* **Task details**
Return exactly the lines from the one containing "Cap. Izdo. Vent." through the last line of the records below, both included, and leave out any pictures.

++++ Input for this task ++++

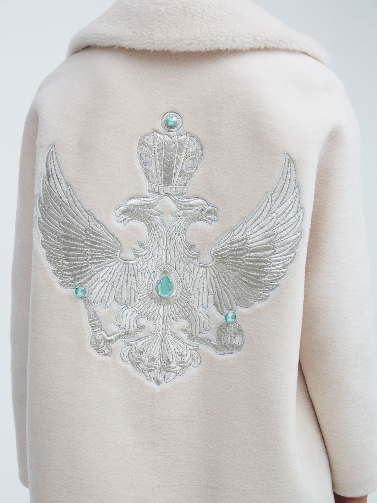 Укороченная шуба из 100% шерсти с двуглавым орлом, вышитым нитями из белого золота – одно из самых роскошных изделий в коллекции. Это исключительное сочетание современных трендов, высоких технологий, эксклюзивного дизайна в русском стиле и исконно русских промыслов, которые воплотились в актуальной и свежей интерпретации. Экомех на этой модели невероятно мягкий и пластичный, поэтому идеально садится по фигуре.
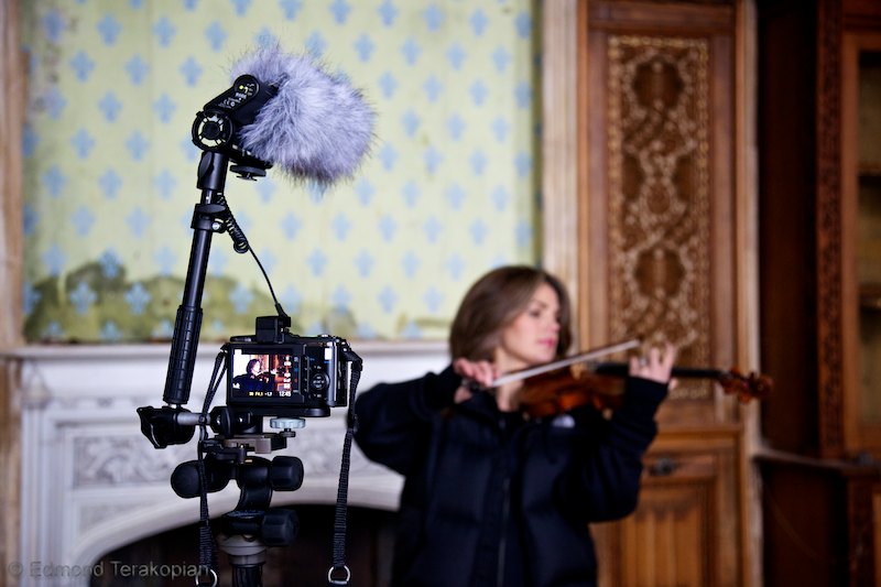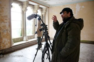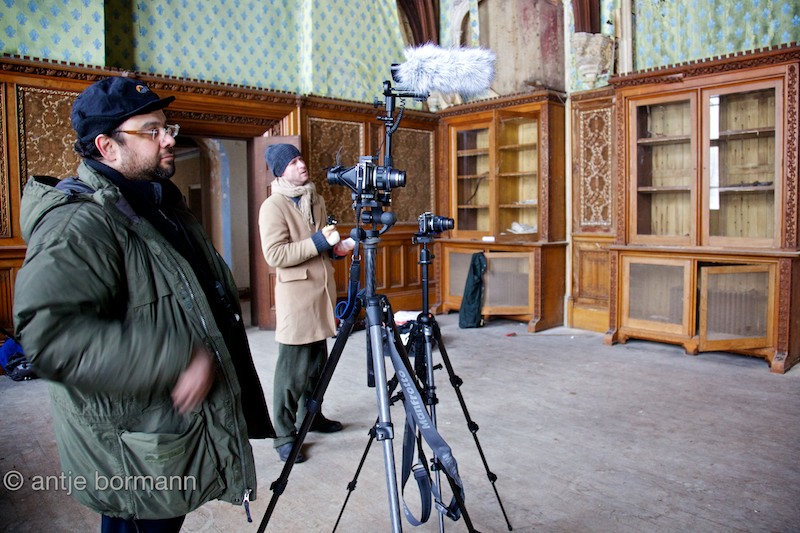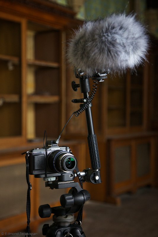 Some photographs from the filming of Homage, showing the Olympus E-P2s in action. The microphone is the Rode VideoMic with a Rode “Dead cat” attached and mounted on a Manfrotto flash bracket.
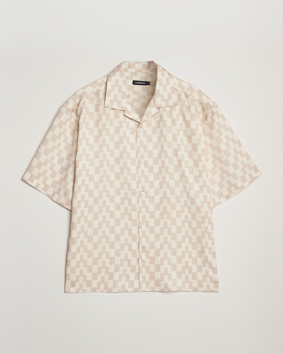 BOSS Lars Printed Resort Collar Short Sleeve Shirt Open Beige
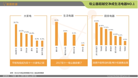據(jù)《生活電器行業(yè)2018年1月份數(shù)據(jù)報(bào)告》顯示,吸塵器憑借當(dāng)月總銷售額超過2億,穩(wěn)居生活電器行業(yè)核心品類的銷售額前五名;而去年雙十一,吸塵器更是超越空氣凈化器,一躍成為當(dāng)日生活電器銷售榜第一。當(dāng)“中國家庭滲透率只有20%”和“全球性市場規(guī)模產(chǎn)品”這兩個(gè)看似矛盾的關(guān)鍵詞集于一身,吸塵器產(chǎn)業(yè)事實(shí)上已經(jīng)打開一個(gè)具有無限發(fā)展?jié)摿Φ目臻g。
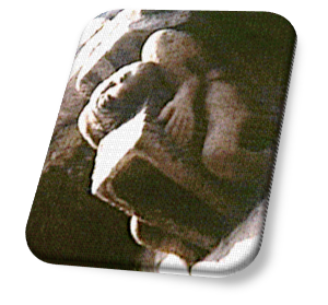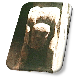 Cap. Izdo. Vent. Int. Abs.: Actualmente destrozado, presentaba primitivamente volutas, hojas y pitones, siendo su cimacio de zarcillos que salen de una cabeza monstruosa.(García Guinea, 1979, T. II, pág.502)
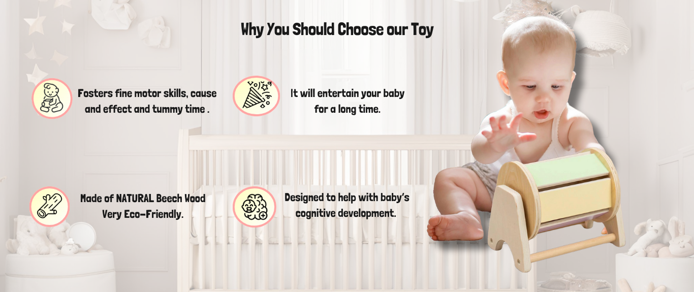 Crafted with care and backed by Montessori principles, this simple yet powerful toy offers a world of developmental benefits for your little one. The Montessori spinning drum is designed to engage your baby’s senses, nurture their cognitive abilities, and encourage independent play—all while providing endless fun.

++++

* **Task response**
 Cap. Izdo. Vent. Int. Abs.: Actualmente destrozado, presentaba primitivamente volutas, hojas y pitones, siendo su cimacio de zarcillos que salen de una cabeza monstruosa.(García Guinea, 1979, T. II, pág.502)
 Crafted with care and backed by Montessori principles, this simple yet powerful toy offers a world of developmental benefits for your little one. The Montessori spinning drum is designed to engage your baby’s senses, nurture their cognitive abilities, and encourage independent play—all while providing endless fun.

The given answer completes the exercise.